Fun Boy Three, the 1980s and all that....


It's been a while - my blog has been sadly neglected during a very busy term, which is thankfully now over.


Yesterday I found myself in a strangely 1980s musical mood. I started off listening to Arcade Fire but was then overcome with an overwhelming urge to listen to the Fun Boy Three, Madness, The Jam, Iggy Pop, The Style Council and Eurythmics. I'm not ashamed - I enjoyed it and it's not even my favourite 80s music. The Fun Boy Three are great though, they look very dated if you watch their videos but they wrote great lyrics - I think Terry Hall is one of the most underated lyricists of our time.

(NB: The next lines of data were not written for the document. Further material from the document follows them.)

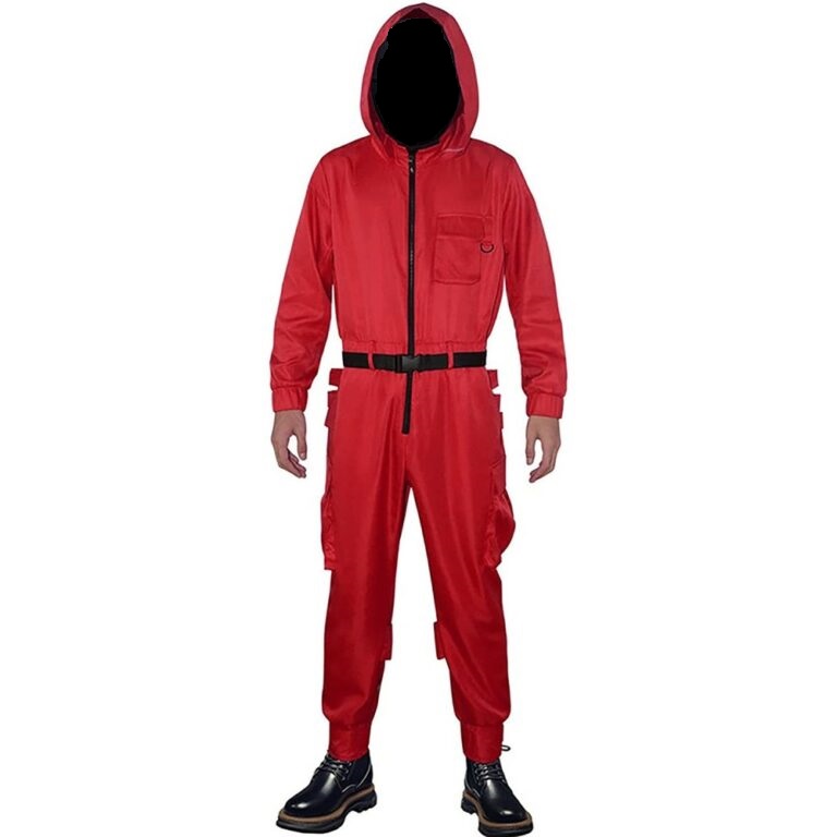 Package Include – 2PCS Halloween Costume set includes one-piece red jumpsuit + game belt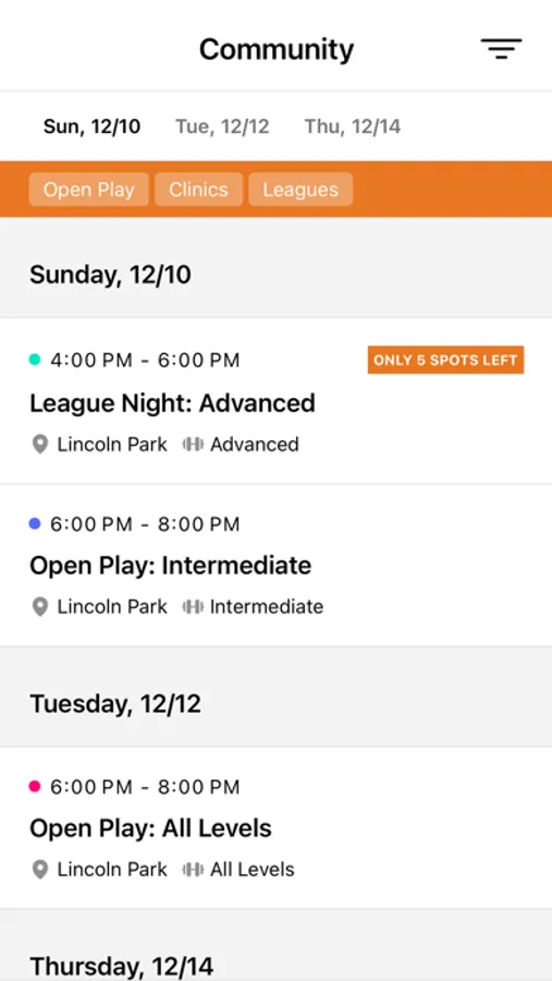◦ Join Open Plays or Leagues - weekly and monthly open play and league opportunities to meet people of similar skill levels.
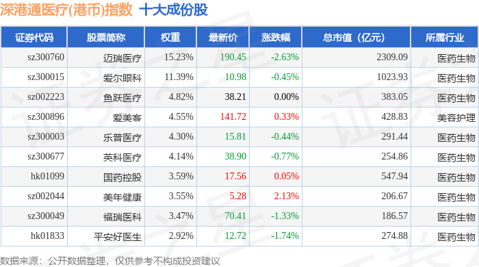 深港通医疗(港币)(983036)指数十大成份股详情如下: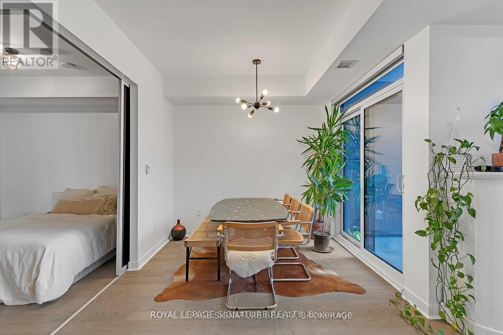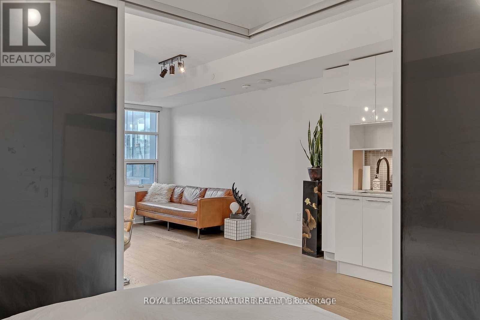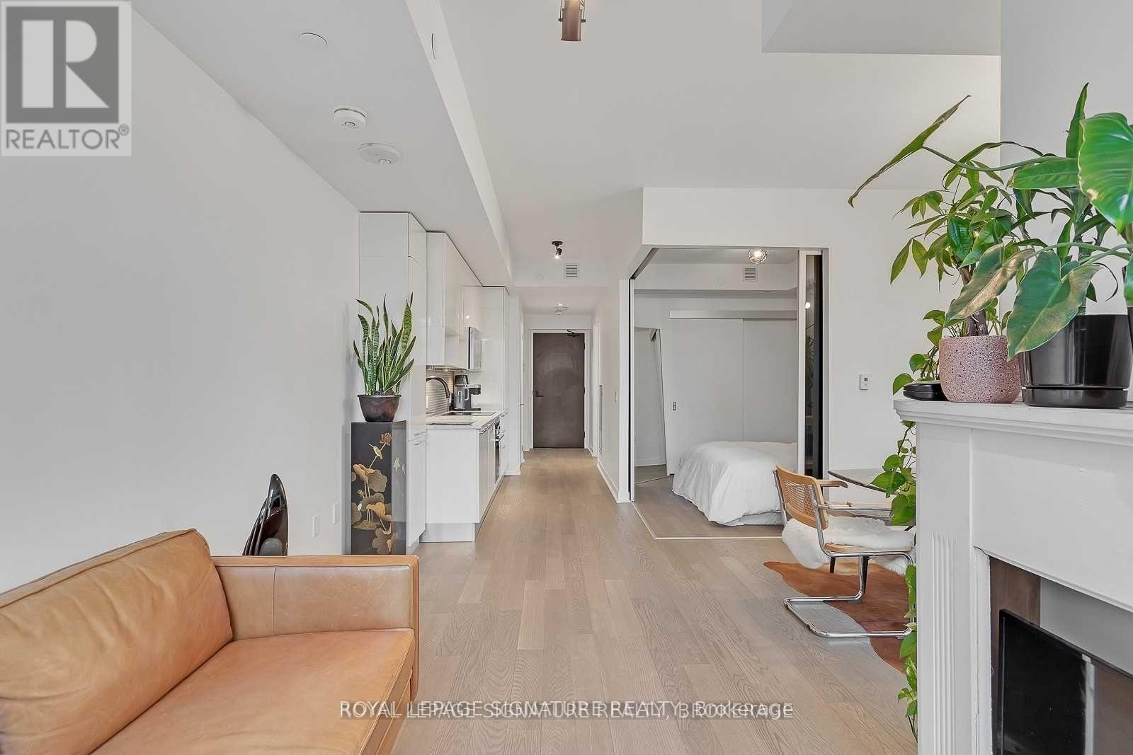 Experience the best of King West living at the highly coveted Kingly Condos at King & Portland. This exceptional 1-bedroom suite offers incredible value with thoughtful upgrades and a spacious open-concept layout designed for modern city living.The suite features expansive New York-style warehouse windows, 9-ft smooth ceilings, and wide plank flooring throughout, creating a bright and stylish atmosphere. The custom Scavolini kitchen is a standout, complete with full-sized integrated/panelled stainless steel appliances, natural stone counters, subway tile backsplash, and an additional custom pantry for extra storage.The lengthy open-concept living and dining area is perfect for entertaining, enhanced by floor-to-ceiling windows that bring in abundant natural light and offer versatile layout options. The primary bedroom is smartly enclosed with frosted glass sliding doors and features a double closet. Relax in the spa-inspired 4-piece bathroom finished with modern tile, a stone vanity, mirrored medicine cabinet, extra shelving, and a luxury 2-in-1 shower/tub. Step out onto your private balcony to enjoy sensational sunrise views, and take advantage of the included locker for added convenience.Residents enjoy state-of-the-art amenities, including a fitness centre and gym, rooftop deck, party and meeting rooms, and 24-hour concierge. Located just steps from Toronto's hottest restaurants, cafés, nightlife, and shopping, this is King West living at its finest. Live like royalty at The Kingly. (id:4555)

There is something about 80s music - it must be the influence of the era. I sometimes wonder if the way I am is because I was a teen in the 80s - it has left me slightly cynical and a bit of a pessimist. Friends who were teens in the 70s seem to have a different outlook on life. The 80s was a bleak time especially politically. On the one hand there was a lot of frivolous stuff going on - lightweight music like Duran Duran and Wham, there were some ridicolous fashions (big hair, the bubble skirt!) and some people were getting rich quick. But on the other side of the coin there was the miners strike, race riots, the National Front were getting big, there was The Falklands War, mass privatisation, The Peace Convoy and the way they were hounded and finally beaten by the police in the infamous Battle of the Beanfield. It was a bleak time for young people too - there was massively high unemployment which was why some people went on the road - or like me went to live in a commune.


Out of this however did come some really great music, which wouldn't have existed without the backdrop of those times - UB40, The Specials, Fun Boy Three, Linton Kwesi Johnson, The Beat etc.


I saw a piece of graffitti recently that read "there's no point in voting, if it changed anything it would be illegal." I understood the sentiment, but I disagree - anyone who lived through the 1980s will tell you - things could be a lot worse.